I try to read. I think about what I was doing a year ago today – burying Sue. I try to see her face. And then I’m crying, for might have been and this mess. This wasn’t my life plan. I had happy-ever-after with someone I adored, not left in isolation with a rampant infection what was, what outside.
I watch the news with depressing figures of illness and death. The US President says the infection is minor. I shout at the set and feel better.
A sad-looking woman comes on. Her child has cystic fibrosis and panic buying has taken the sanitiser and wipes she uses.
‘What would you say, Anna, to people clearing the supermarket shelves?’ says the interviewer.
‘They’re selfish, stupid, arses,’ she says before the time delay mechanism kicks in to bleep her out.
‘And now back to the studio…’
‘Thank you, Julia. We apologise to viewers for the language used in that report.’
Good for you, Anna.
After lunch, the phone rings.
‘Would you like to go outside? We will collect you.’
The thought of fresh air is irresistible.
A suited figure waits in the corridor.
‘Right. Follow me. You can stay outside for an hour.’
The group asks questions of our escort: what has he heard; have others been outside; are other flights coming in?
It’s cool out. It’s a joy to be able to see this grey sky, early crocus and hear birdsong. On the distant slope is a stand of trees.
‘Fancy walking over there?’ asks a thin, man about my age.
‘I’m Jonathan Wells,’ he says, ‘I was on business when this kicked off.’
‘Martin Fraser. I was teaching in the international school.’
Jonathan is married with two boys. I can tell he misses them from the tone of his voice.
‘I didn’t want to go on this trip,’ he says, ‘And now, I’ve left Jenny on her own with the boys.’
‘There’s no one waiting for me.’
I don’t mention Sue and her long illness. One of the reasons I took the secondment was to make a new start.
My mind is mulling over our situation. If there were ninety-two brought in here and at least one ambulance has taken someone away, how many more will vanish?
‘Did you hear an ambulance yesterday?’ I ask.
‘No,’ he says, ‘but there were two this morning.’
Our numbers are now in the eighties.
‘It’s not bad,’ I tell my father later. ‘We went for a walk today.’

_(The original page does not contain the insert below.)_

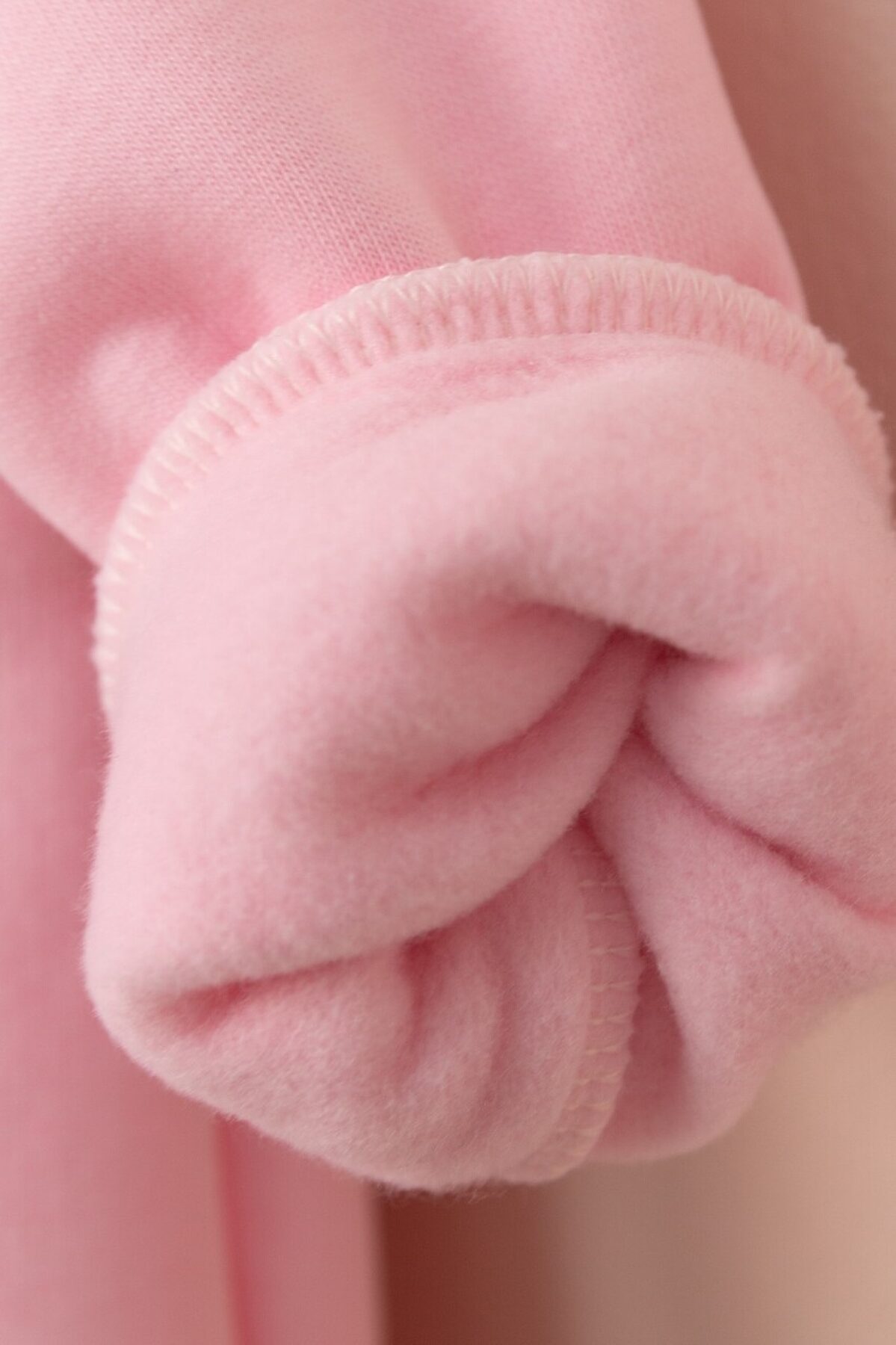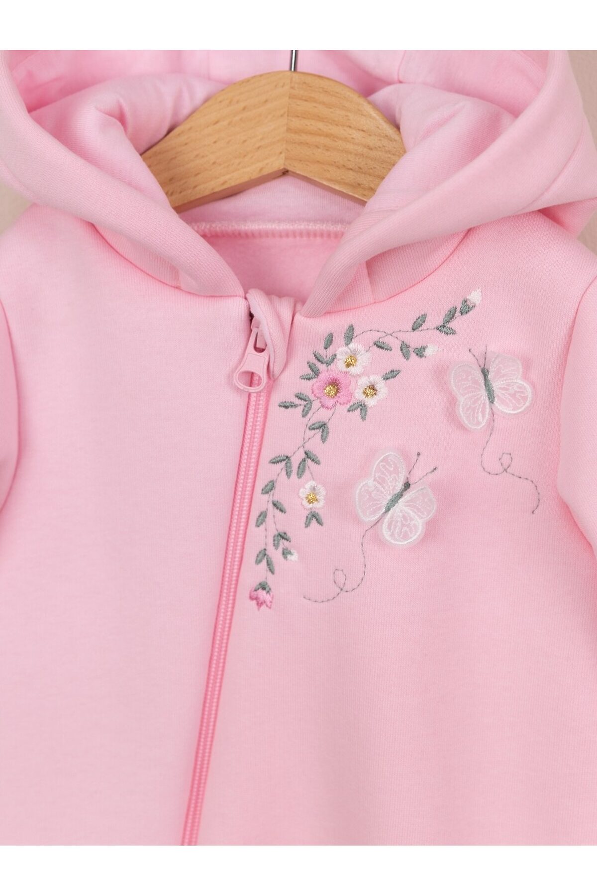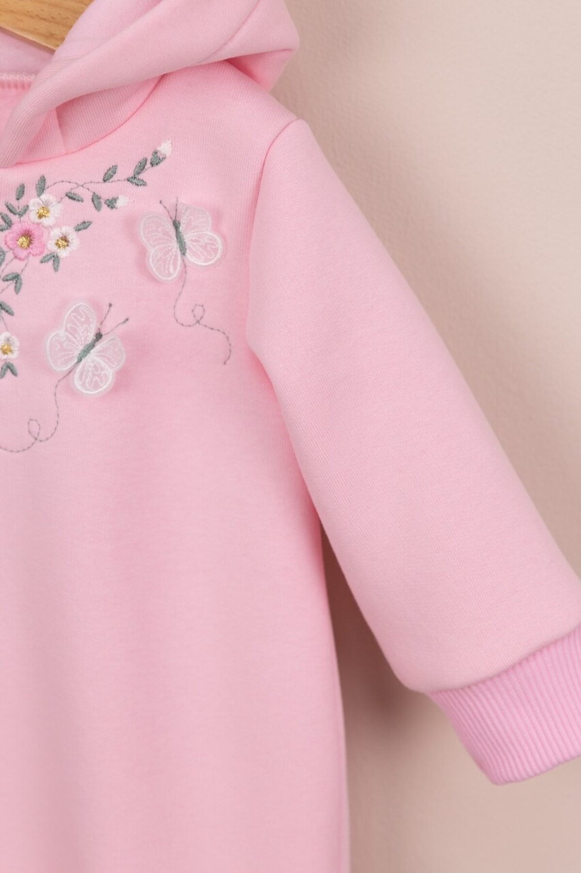 Комбинезон с вышивкой по переду, с капюшоном и косой молнией. Выполнен из футера 3-нитки с начёсом (80 % хлопок, 20 % полиэстер).

Apart from the hour outside, we are within our four walls with only technology for company.
I feel lethargic today, my head aching. When we go out, Jonathan isn’t in the group. I ask our minder where he is.
‘Sorry. I don’t know.’
I count seven. There were ten yesterday. Who else is missing? An older woman and an Asian man. Later, the suited figure comes to take my daily test. I ask about them.
‘One or two people have tested positive.’
My headache is worse. I open the door to two suited figures.
‘Could you come with us, please?’
‘Am I getting out?’
‘No. Your test result was positive. We’re taking you to a more secure facility.’
‘It’s just a headache. Some paracetamol and I’ll be fine.’
The ambulance waits at a side door. I notice a dark pustular rash on my arm.
Headache. Hot. Thirsty. Eyes sore.
Something in my throat and mouth. Hot.
‘Sue? Love you.’
‘Yes. Are you a friend of Martin’s?’
‘I’m Jonathan Wells. We met in the isolation facility. I think you could say we were friends. I am so sorry.’
Mr Fraser watches as the man walks down the path from the crematorium to join a young woman and two small boys.